● **Data excerpt**:
========================================================================

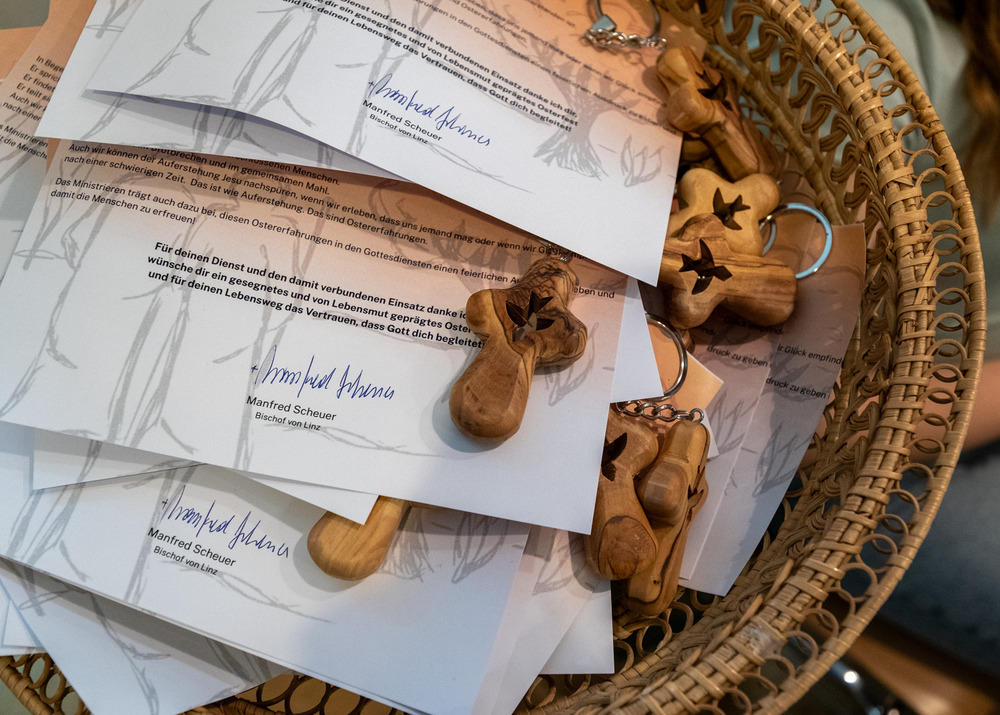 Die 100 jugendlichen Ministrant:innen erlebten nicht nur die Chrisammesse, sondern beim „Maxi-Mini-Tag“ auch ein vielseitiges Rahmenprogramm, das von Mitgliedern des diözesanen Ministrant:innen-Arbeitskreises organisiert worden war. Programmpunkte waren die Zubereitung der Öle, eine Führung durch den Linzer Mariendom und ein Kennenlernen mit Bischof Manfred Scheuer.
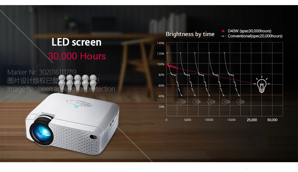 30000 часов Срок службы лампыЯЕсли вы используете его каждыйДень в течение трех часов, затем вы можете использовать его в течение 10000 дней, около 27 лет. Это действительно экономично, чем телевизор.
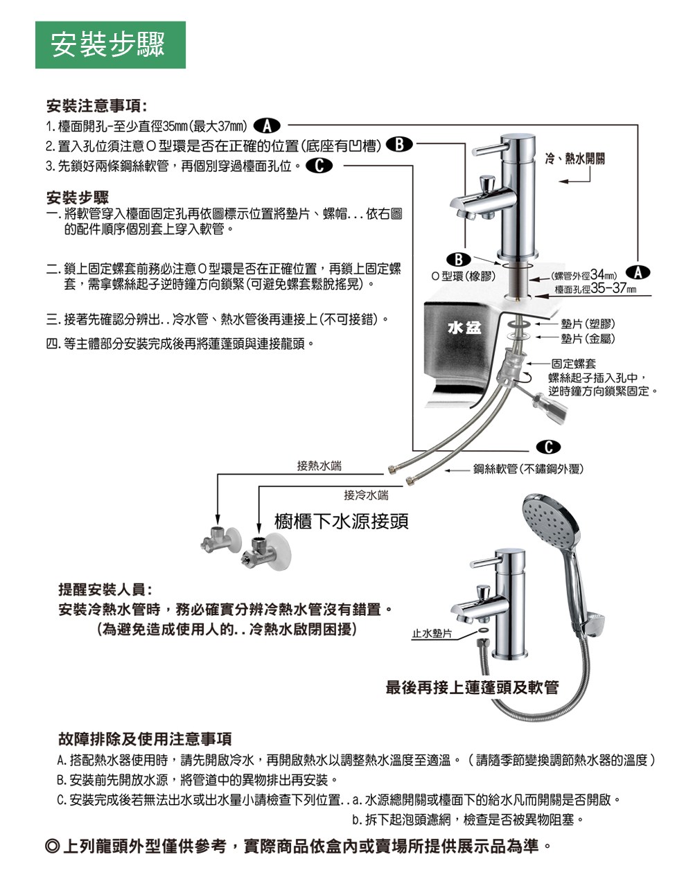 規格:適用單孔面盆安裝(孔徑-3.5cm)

========================================================================

● **Task**: Strip the images and return the remaining data exactly.

● **Exercise output**:
 Die 100 jugendlichen Ministrant:innen erlebten nicht nur die Chrisammesse, sondern beim „Maxi-Mini-Tag“ auch ein vielseitiges Rahmenprogramm, das von Mitgliedern des diözesanen Ministrant:innen-Arbeitskreises organisiert worden war. Programmpunkte waren die Zubereitung der Öle, eine Führung durch den Linzer Mariendom und ein Kennenlernen mit Bischof Manfred Scheuer.
 30000 часов Срок службы лампыЯЕсли вы используете его каждыйДень в течение трех часов, затем вы можете использовать его в течение 10000 дней, около 27 лет. Это действительно экономично, чем телевизор.
 規格:適用單孔面盆安裝(孔徑-3.5cm)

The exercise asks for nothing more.